(Description of the task):
The required output is the exact run of lines from the one bearing "public UrlConfigElement(String name, String" through the final line of the listing below, with the pictures removed.

(Data section):
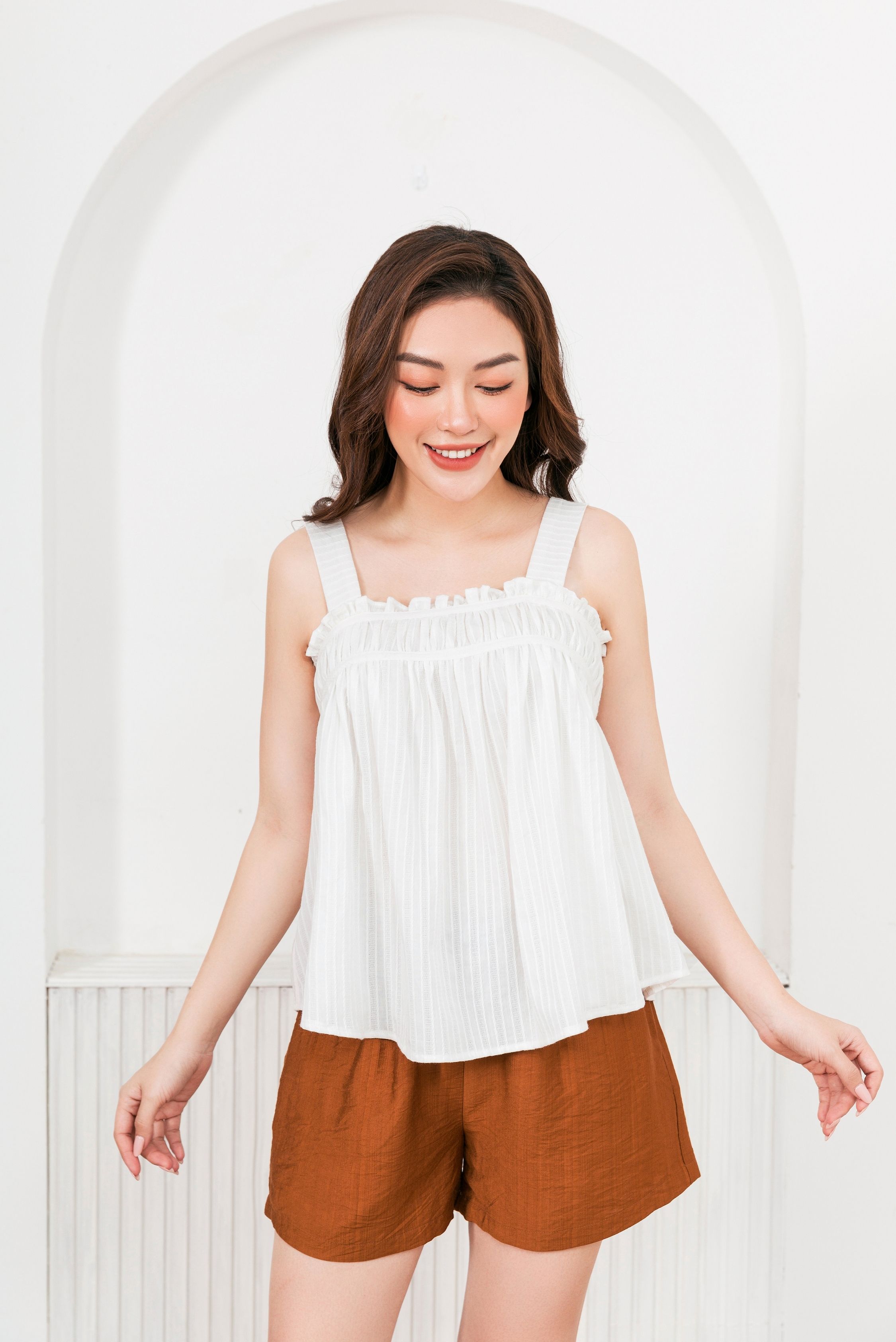 Đồ ngủ mang thiết kế nổi bật trong New Allbum là 1 set 2 dây với thiết kế "bánh bèo" xòe thân vừa nhẹ nhàng trẻ trung lại lịch sự linh hoạt mix đồ đi chơi, đi biển
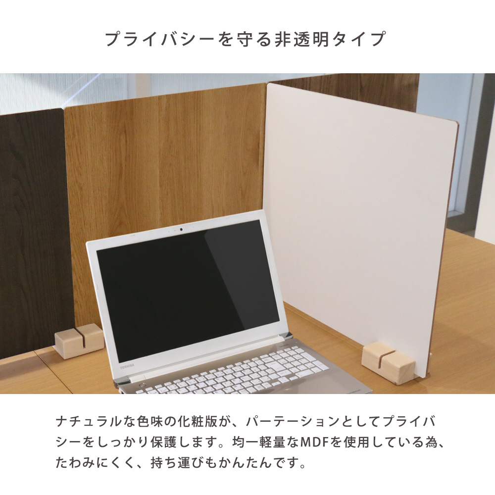 ナチュラルな色味の化粧板が、パーテーションとしてプライバシーをしっかり保護します。均一軽量なMDFを使用している為、たわみにくく、持ち運びもかんたんです。
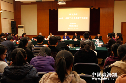 臺盟中央、臺盟北京市委11月18日在京舉行學(xué)習(xí)貫徹中共十八屆三中全會精神座談會。(中國臺灣網(wǎng) 王怡然 攝)
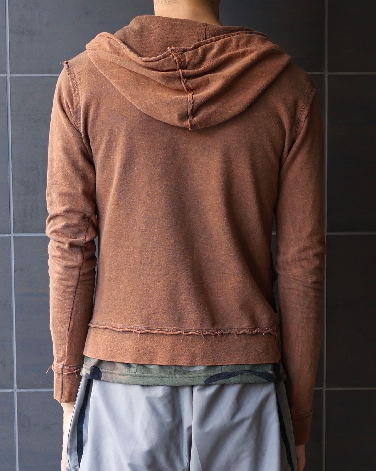 ウォッシュ加工によるフェード感が特徴のボタンフーディ
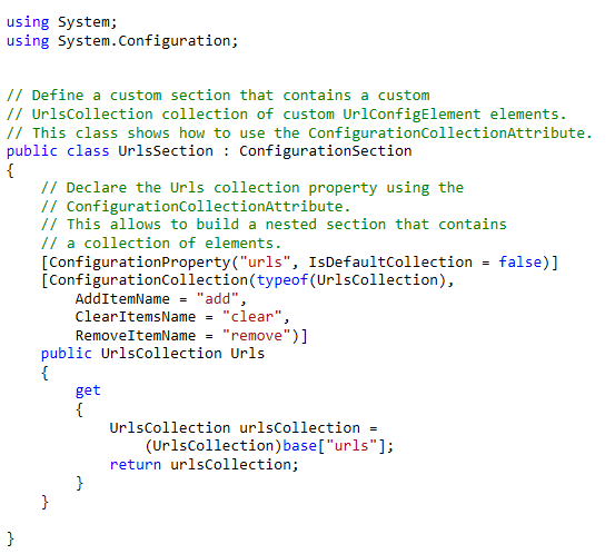 public UrlConfigElement(String name, String url) { this.Name = name; this.Url = url; } public UrlConfigElement() { this.Name = "Contoso"; this.Url = "http://www.contoso.com"; this.Port = 0; }
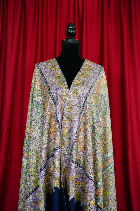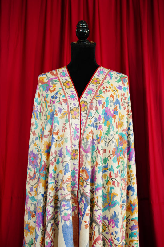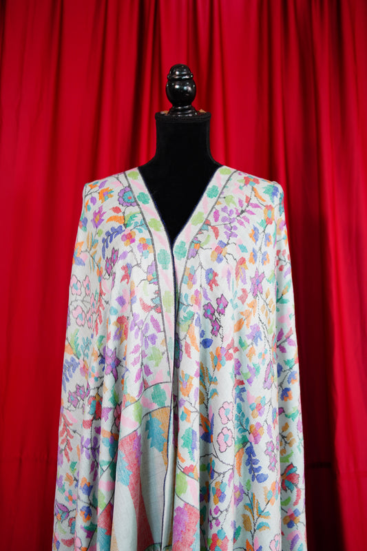 blue GI multi-coloured jamma embroidery pashmina shawl 9887
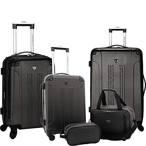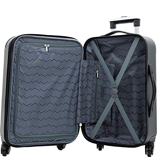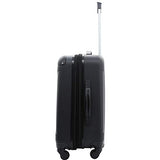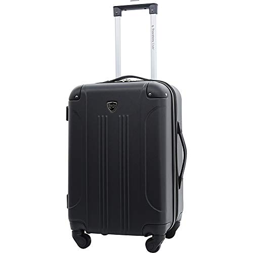 Details: Traveler's Club chic A Go Plus 3Pc hard side expandable spinner luggage set is constructed from durable ABS material with an embossed finish for scratch resistance and features a telescoping trolley handle system, 4 double spinner wheels for multi-directional mobility, and deluxe corner guards to absorb impact. This set includes 20" Carry-on, boarding tote and 10" Travel kit.
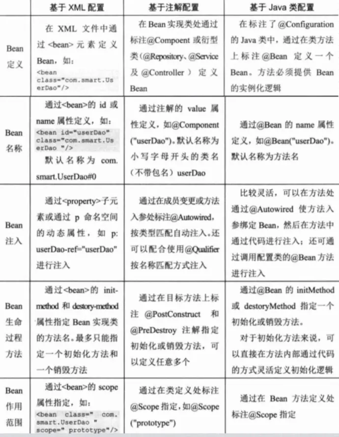 @Configuration 内部包含了@Component,说白了,当这个Bean加入到Spring容器中时,它内部标注了@Bean的方法返回的Bean都会放到Spring容器中。 具体的语法我不多说了。 @Configuration类想加入到Spring容器中有三种方式,一种是在xml里通过<context:component-scan base-package="...">扫描。一种是通过其他的Config类加上@Componentscan注解,作用是一样的,扫描配置路径下的POJO ,最后一种是在创建容器的时候直接指定这个config类,而不是xml配置文件,前面的博客讲到过。

(Response for this exercise):
 public UrlConfigElement(String name, String url) { this.Name = name; this.Url = url; } public UrlConfigElement() { this.Name = "Contoso"; this.Url = "http://www.contoso.com"; this.Port = 0; }
 blue GI multi-coloured jamma embroidery pashmina shawl 9887
 Details: Traveler's Club chic A Go Plus 3Pc hard side expandable spinner luggage set is constructed from durable ABS material with an embossed finish for scratch resistance and features a telescoping trolley handle system, 4 double spinner wheels for multi-directional mobility, and deluxe corner guards to absorb impact. This set includes 20" Carry-on, boarding tote and 10" Travel kit.
 @Configuration 内部包含了@Component,说白了,当这个Bean加入到Spring容器中时,它内部标注了@Bean的方法返回的Bean都会放到Spring容器中。 具体的语法我不多说了。 @Configuration类想加入到Spring容器中有三种方式,一种是在xml里通过<context:component-scan base-package="...">扫描。一种是通过其他的Config类加上@Componentscan注解,作用是一样的,扫描配置路径下的POJO ,最后一种是在创建容器的时候直接指定这个config类,而不是xml配置文件,前面的博客讲到过。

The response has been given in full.